Extracts multiple time intervals from a Sound object and returns them as a list of Sound objects. Useful for extracting voiced segments identified by voice activity detection.
Usage
sound_extract_parts(
sound,
start_times,
end_times,
window_shape = "rectangular",
relative_width = 1,
preserve_times = FALSE,
return_r6 = TRUE
)Arguments
- sound
Sound object
- start_times
Numeric vector of interval start times (seconds)
- end_times
Numeric vector of interval end times (seconds)
- window_shape
Character. Window shape for extraction (default: "rectangular"). See details for all options.
- relative_width
Numeric. Relative width of window (default: 1.0). For gaussian2/kaiser2, use 2.0. For gaussian3-5, use 3.0-5.0 respectively.
- preserve_times
Logical.
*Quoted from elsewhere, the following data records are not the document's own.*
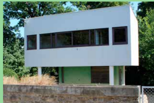
Komplementbyggnad (Bild: CF Møller) Enkel, stilig och festlig formgivning.
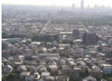
竹の塚エミエルタワーから 舎人公園方面を望む

さらに北の玄関口として、竹ノ塚駅西口南地区での再開発事業が竣工し、エミエルタワーがシンボルとして建設されている。大規模工場跡地では、新田地区や西新井駅西口周辺地区での住宅・商業系開発が進み、千住大橋駅周辺地区も同様な開発を行うにあたり、計画等の整備が進んでいる。平成19年度には、区西側を縦断する日暮里・舎人ライナーが開業を予定し、その整備の進捗に合わせるように、沿線周辺地区でのマンション等の建設が顕著となってきている。
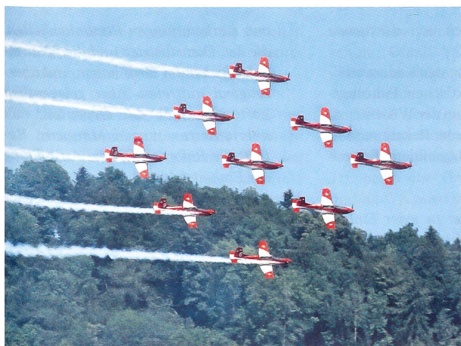
Neun PC-7 der PC-7-Staffel zeigten ein Superprogramm.
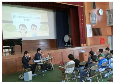
教育講演会 育友会・4・5・6年生 10/31(火)
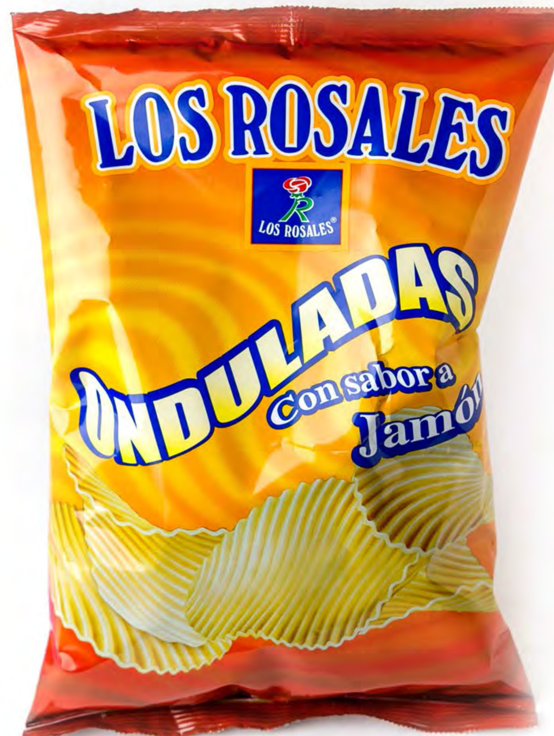
Patatas Onduladas Jamón Sabor Jamón 140 g. x 12 uds/caja
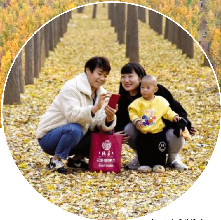
开心地分享拍摄照片
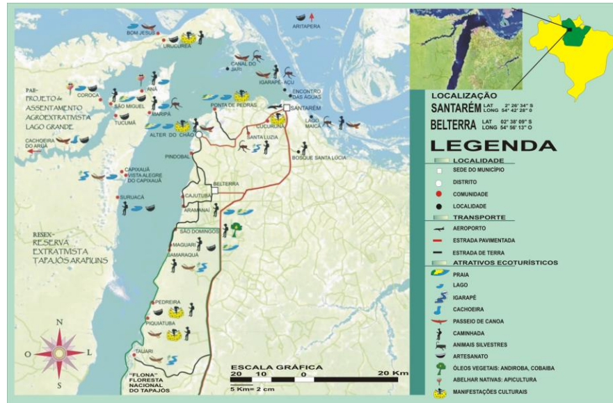
Figura 04:

uma noção bastante objetiva da região de abrangência do município de Santarém, pode-se observar o mapa que segue.
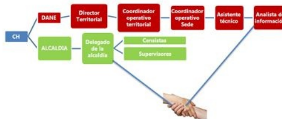
Figura 7. Estructura organizacional del operativo 659 municipios clase 3
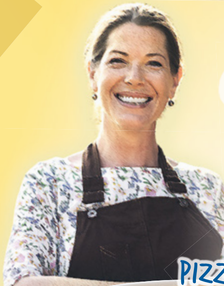
PIZZA KRETA 1a

Tomatensauce, Muschelfleisch B , Shrimps B , Mozzarella, Rucola, Knoblauch, Parmesan AG,DM,N , Gouda D
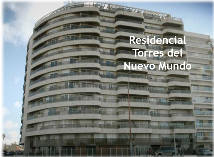
Residencial Torres del Nuevo Mundo
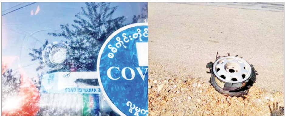
ကိုဗစ်-၁၉ ရောဂါကာကွယ်ဆေး သယ်ဆောင်လာသည့် လူမှုကူညီရေးယာဉ်အား PDF အမည်ခံ အကြမ်းဖက်သမားများက မိုင်းဆွဲတိုက်ခိုက်မှုကြောင့် ပျက်စီးခဲ့မှု မှတ်တမ်းဓာတ်ပုံ။

ထိုကဲ့သို့ ပြည်သူများအား ထိုးနှံပေးမည့် ကိုဗစ်-၁၉ ကာကွယ်ဆေးများ သယ်ဆောင်လာသည့် လူမှုကူညီရေးယာဉ်များအား မိုင်းဆွဲတိုက်ခိုက်ခဲ့သည့်
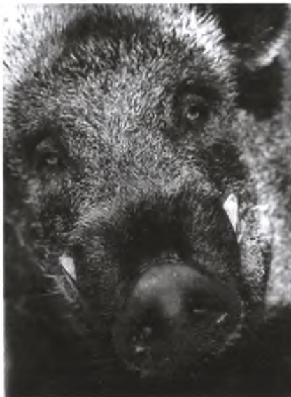
Пятак кабана служит и своеобразным лемехом, и органом обоняния и осязания. Он необыкновенно крепок, но при том же и удивительно чувствителен

Среднепоголетняя численность кабана в Амурско-Уссурийском регионе на моей памяти сократилась многократно. Некогда его плотность достигала 80—100 голов на тысячу «элитных» гектаров, для обширных же просторов уссурийской тайги она составляла одну особь на 1 км 2 . Но все это теперь в прошлом. Кабан был излюбленным объектом охотничьего промысла, а сезонная добыча доходила до 80—90 чушек на ружье. Редко в каком распадке Сихотэ-Алиня и Малого Хингана не
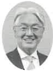
川越地区保護司会

の皆様方におかれましては、日頃から更生保護活動を通じ、犯罪のない明るい社会づくりにご尽力を賜り、心より御礼申し上げます。
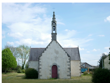
Elévation ouest.
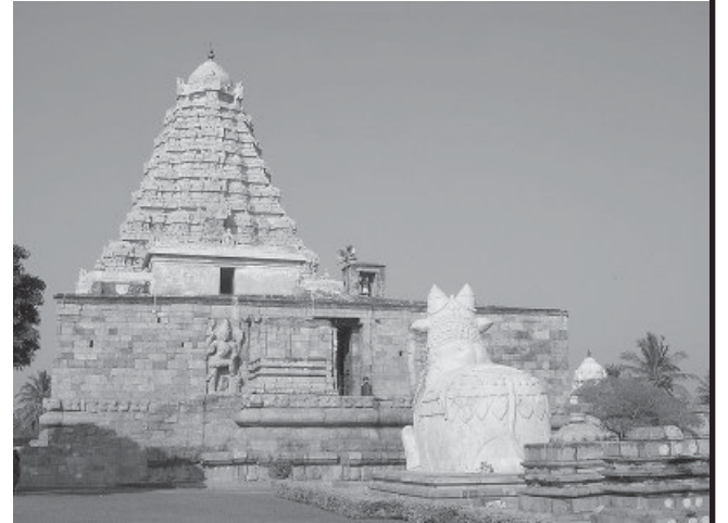
கங்கைகொண்ட சோழபுரக் கோயில் - சிவ இலிங்கத்திற்காகக் கட்டப்பட்ட கோயில்
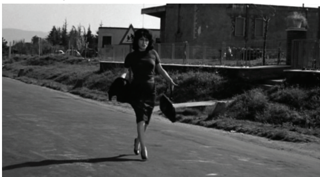
Fig.5 Neorrealismo Italiano: “Mamma Roma”
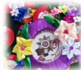
Школьная акция «Твори Добро»
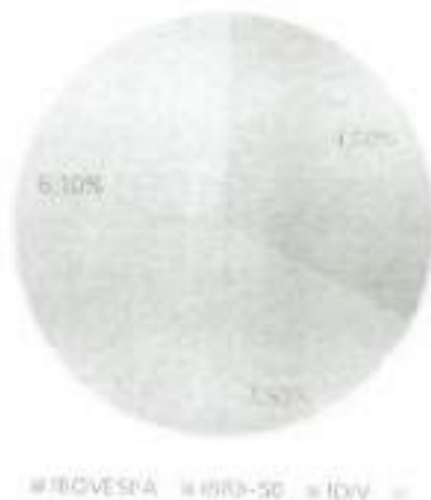
Gráfico 3: Investimentos em renda variável por indexador Abril de 2022

Abril foi um mês duro para os ativos de risco, com os mercados se ajustando a uma postura mais dura do Fed (Banco Central dos Estados Unidos) na luta contra a inflação. O Ibovespa caiu 10%, um pouco mais que as bolsas globais, que perderam 8%. O Real também se desvalorizou em relação ao Dólar, algo em torno de 5%.
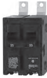
2 - Polo
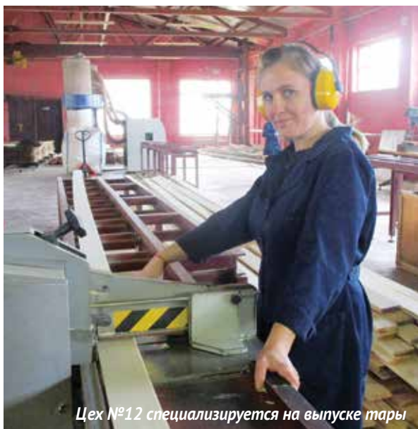
Цех №12 специализируется на выпуске тары
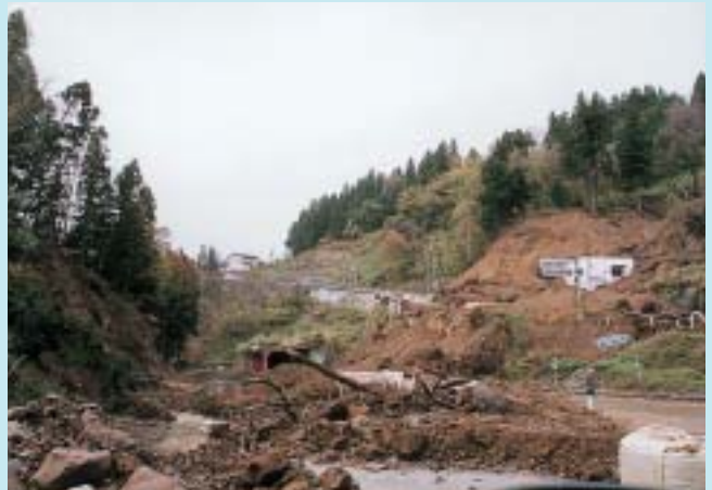
土砂であふれる東山トンネルと道路
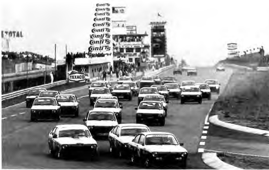
Start zum Opel-Markenrennen: Abbruch durch Wolkenbruch.
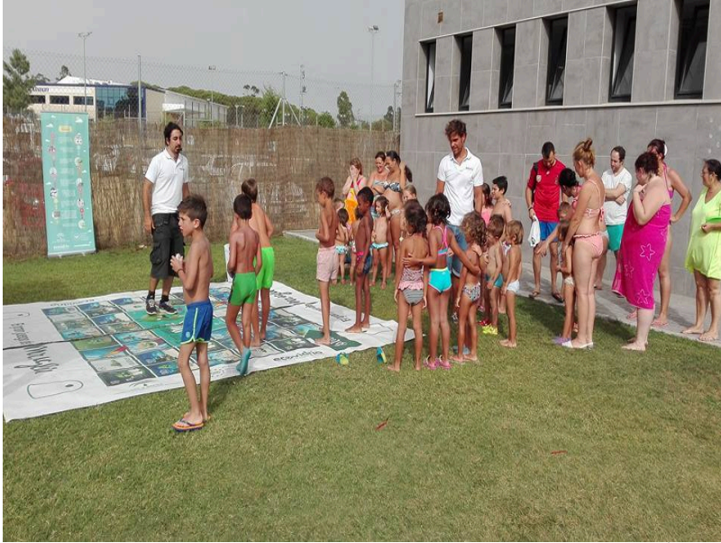
( http://www.bonares.es/export/sites/bonares/es/.galleries/noticias/imagenes-noticias-2016/ECOVIDRIO2.jpg )

Preserve original time stamps (default: FALSE)
- return_r6
Logical. Return R6 Sound objects (TRUE) or raw xptrs (FALSE). Using FALSE skips R6 wrapper construction.
Details
This function is vectorized to extract multiple intervals efficiently. Each extracted sound can then be concatenated or analyzed separately.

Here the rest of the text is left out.